THE new Road Traffic Act was finally approved by Parliament yesterday, but its implementation is unlikely to be completed prior to next April.
The Senate passed the five-year-old Bill, which has survived several reviews since 2014, after a prolonged debate, during which some Opposition members raised several concerns but did not vote against the provisions.
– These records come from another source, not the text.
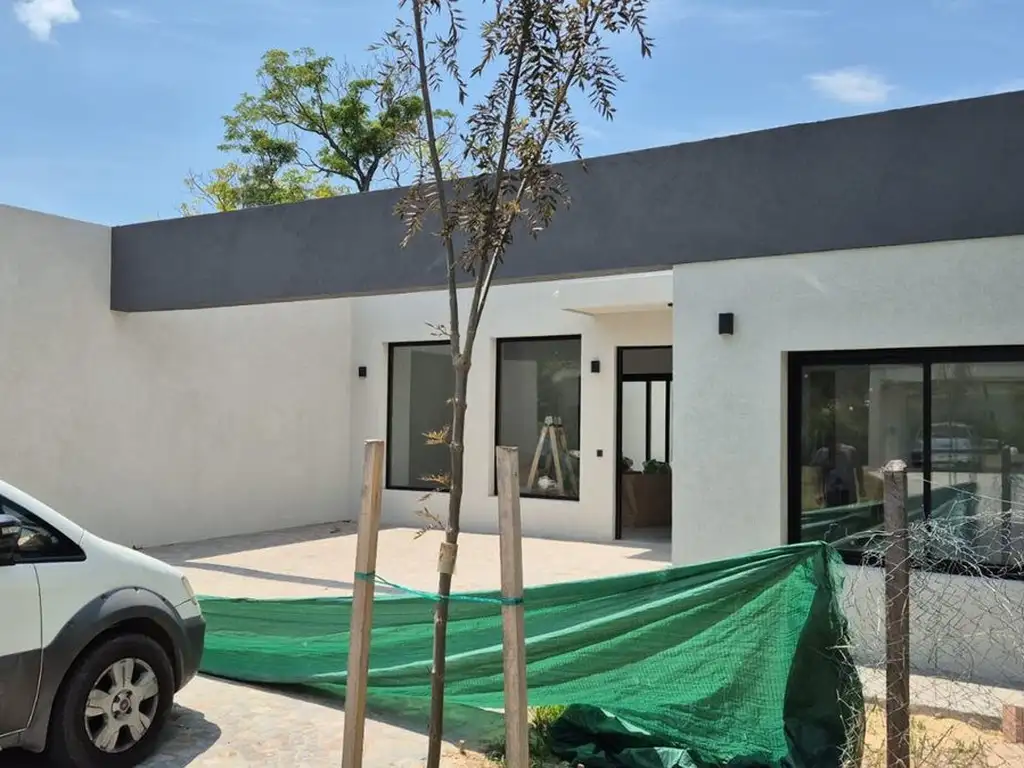 Detalles Constructivos Construcción tradicional sobre platea de hormigón y techo de losa. Revestimiento exterior impermeable texturado. Pisos de porcelanato de primera marca. Mesadas de mármol con muebles bajo mesada y alacenas. Aberturas de aluminio negro con DVH (A30) y mosquiteros. Calefacción sectorizada por piso radiante con caldera dual italiana Baxi. Preinstalaciones para equipos de aire acondicionado en ambientes principales. Cocina con anafe a gas y horno eléctrico empotrable. Iluminación interna y externa instalada. Distribución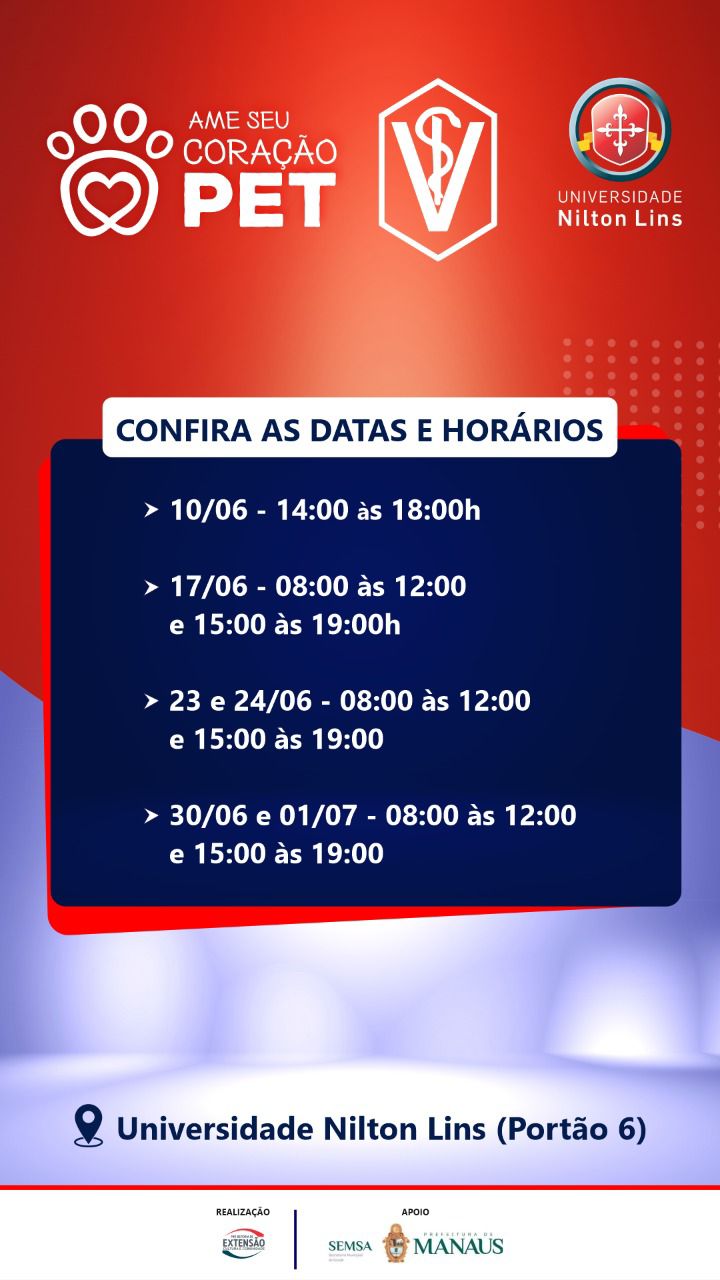 Atenção tutores de gatos e cães de Manaus: professores, profissionais e alunos finalistas do curso de Medicina Veterinária da Universidade Nilton Lins estarão promovendo nos dias 17, 23, 24, 30 e 1º de julho, o atendimento gratuito de seu pet no campus da instituição no bairro Parque das Laranjeiras (portão 6), na zona Centro-sul da cidade.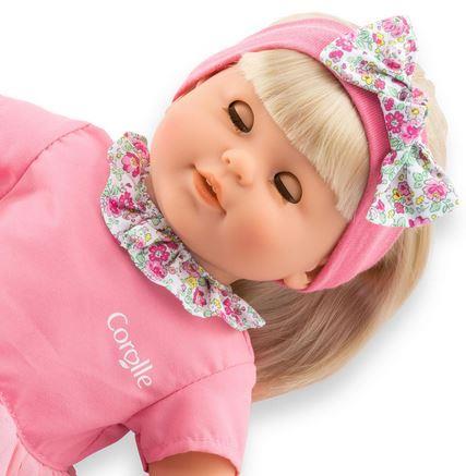 The doll's face, arms and legs are made of delicately vanilla-scented, soft-touch vinyl. Its soft body means it can move easily and even sit up “all on its own”. It can keep its thumb in its mouth. With its sleeping eyes, it falls asleep when put down on its back. Adèle is wearing a dress with a headband and ballet flats.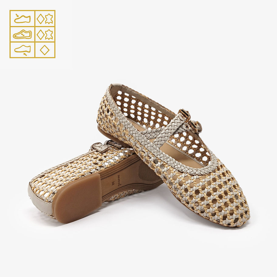 INUOVO - Ballerine traforate doppio cinturino -Beige, Marronee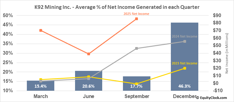 K92 Mining Inc. (OTCMKT:KNTNF) Seasonal Chart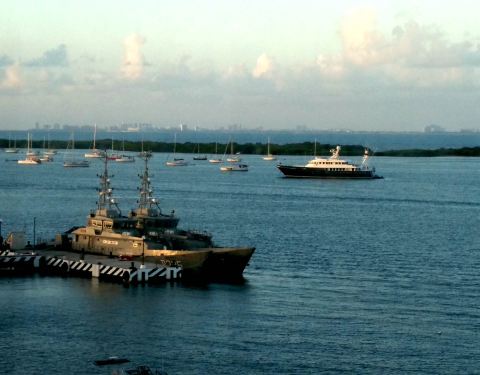 所以 女人岛 一日游,就变成了 女人岛 小半日游。。实力坑队友。。不过说实话,这个码头也太小了,仅停靠着一艘海盗船(不能坐的,仅供拍照),肉眼看根本分辨不出,还是多问问的好,好在 坎昆 这边是老美的度假胜地,路人基本上都会英语,终于能和别人顺畅的交流了,而不是只能看着别人说 西班牙 语然后傻笑。买好船票就只有在码头等着,顺便观赏 加勒比海 ,非常漂亮的蓝色,且层次丰富,果然,漂亮的海都长一个样子,丑的海是各有各的丑。这就是我们乘坐的快艇,空调巨冷,又让我想起以前去 东南亚 被空调支配的恐惧,如出一辙。三十分钟的船程浪还有挺大,登船前先把膀胱排空,随着风浪一上一下带来的失重感,尿意会很强。哈哈哈哈,是你吗,水冰月。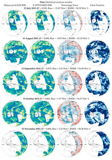 RSR (Wm−2) of Himwari-8/AHI (left) and S-NPP/CERES (middle left) retrieved using data from the 15th day of every month between July 2015 and February 2017; percentage error (%) (middle right) and clear fraction (%) (right) between Himawari-8/AHI and S-NPP/CERES data sets; R2, Bias, and RMSE (top) between the two data sets.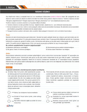 düşünce vardır ancak ana düşünce etrafına kümelenmiş birden fazla yardımcı düşünce bulunur. Yardımcı düşünce soruları

However, the regulations are likely to take another three to four months.
Leader of Government Business in the Senate, Senator Kamina Johnson Smith told the Senate that the Bill was not about revenue nor discrimination against route taxi drivers, but about creating a safe environment for all road users.
“We have to act now as too many lives are being lost to wanton road terror… and the simple truth is that these bad practices have continued because of the failure of the legislative framework to provide an enforcement mechanism to make undisciplined road users accountable for their actions,” Senator Johnson Smith, who is also the minister of foreign affairs and foreign trade, told the Senate.
She said that the new framework, which will be introduced under the new Road Traffic Act, would reduce the opportunity for human error or corruption interrupting enforcement.
“The facilitation of disorder without accountability must change now, and the urgent need for new legislation and robust enforcement by technology, as well, cannot be overstated,” she said.
Opposition member Senator Floyd Morris, who was acting as Leader of Opposition Business in the absence of Senator Donna Scott Mottley, felt that some provisions, including that which requires the owners of vehicles to be held responsible for unpaid fines for breaches committed by drivers of their vehicles, were unfair.